In the winter of 1867 McCoy sent agents to tell Texas cattlemen of his plan. They sent the first herds on a drive over the Chisholm Trail (the route between southern Texas and Abilene), and they arrived in Abilene in August 1867. By the end of the year, thirty-five thousand cattle had been driven to Abilene, and in 1868 the number rose to seventy-five thousand. In 1871 an estimated 700,000 cattle made the trip to Abilene. Mature animals were shipped eastward for slaughter and processing. Younger stock and breeding cattle were driven farther north and west into the grasslands of the Dakotas, Montana, and Wyoming to increase the size of the herds available for market. America began exporting large quantities of beef to Europe in the mid-1870s. By 1881 the annual beef export total reached 100 million pounds, with most of it going to England. It was the peak time for open-range cattle.
The end of the open range
As they had done for generations in Texas, the herd drivers bringing the cattle up from Texas allowed their cattle to drift over the public domain ranges in western Kansas, Nebraska, the Dakotas, Montana, Wyoming, and Colorado. They considered these lands free for anyone to use. During these years, however, the homesteaders were building their small farms on the range. They objected to having cattle herds driven through their land and towns, and conflicts arose between the cattlemen and the farmers. Due to the lack of trees in the region, farmers on the Great Plains did not have the necessary materials to erect wooden fences, and despite a few violent conflicts, many cattlemen continued to drive the herds through the Plains.
In 1874 American inventor Joseph Glidden (1813–1906) developed barbed wire, fencing consisting of steel wires twisted together to make sharp points resembling thorns. With the advent of barbed wire, farmers were able to fence in their acreage, and by 1890 barbed wire enclosed most private range holdings. The cattlemen found few routes open to their drives and gradually Texas cattlemen stopped sending cattle on drives.
Changes in cattle ranching resulted from other factors as well.

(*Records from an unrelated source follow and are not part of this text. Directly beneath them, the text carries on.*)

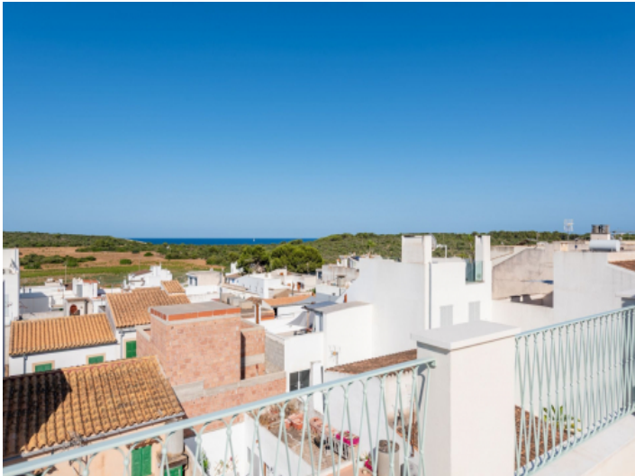
Weitblick bis zum Meer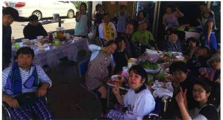
やさい やさい 〔BBQ〕野菜をカットしたりフルーツの盛り付けをしました☆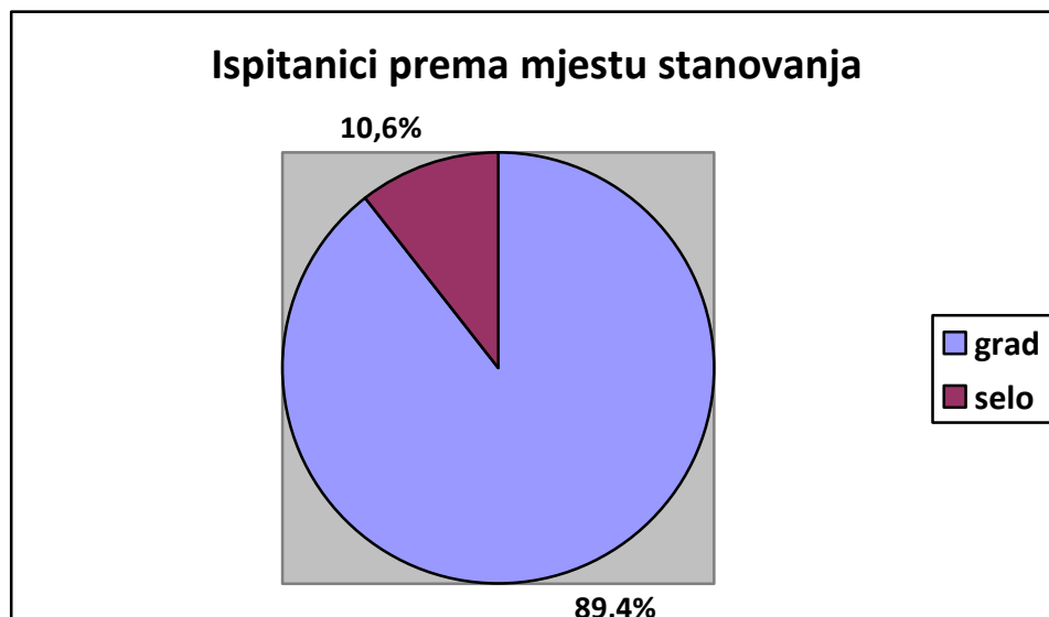
Tablica 4. Ispitanici prema mjestu stanovanja

Većina ispitanika živi u gradu (89,4%, f=160 ), dok ostatak živi na selu (10,6%, f=19 ).

The environment in the Great Plains is delicate and depends on its surface growth. The tremendous number of cattle crossing the Plains on the drives had resulted in overgrazing of the Plains grasses. By 1885 overgrazing by cattle was seriously damaging the plains by stripping off the surface growth. Grasses and other prairie vegetation were gone and did not come back.
Finally, in the unusually cold and stormy winter of 1886–87, snow and extreme cold wiped out entire cattle herds. The storms, conflicts with the locals, soil erosion, and the wide-spread use of fencing combined to bring the era of the open range to a close. Additionally, by that time railroads reached into formerly remote locations, eliminating the need for cattle drives. Most of the small cattle ranchers gave up and left the region and only very large, fenced-in cattle ranches remained.
Farmers unite: the Grange
The National Grange of the Patrons of Husbandry (usually called the Grange) was a fraternal society (a group of people organized for a common purpose) founded by agriculturist Oliver Hudson Kelley (1826–1913) in 1867. Its aim was to advance the political, economic, and social interests of the nation's farmers. Kelley, a clerk for the Bureau of Agriculture, had seen the problems faced by U.S. farmers. He resolved to set up an organization to assist farmers by bringing them together to discuss problems and to learn about new agricultural methods. Six of Kelley's associates joined him in forming the group, and the following year he traveled to his native Minnesota to set up the first local Grange (a local lodge providing social and educational facilities as a chapter of the national society). Letters were sent to interested farmers around the country, but response was slight. Before 1870 only a handful of local Granges were established, mostly in Minnesota and Iowa, and in 1871 only scattered chapters could be found in nine states.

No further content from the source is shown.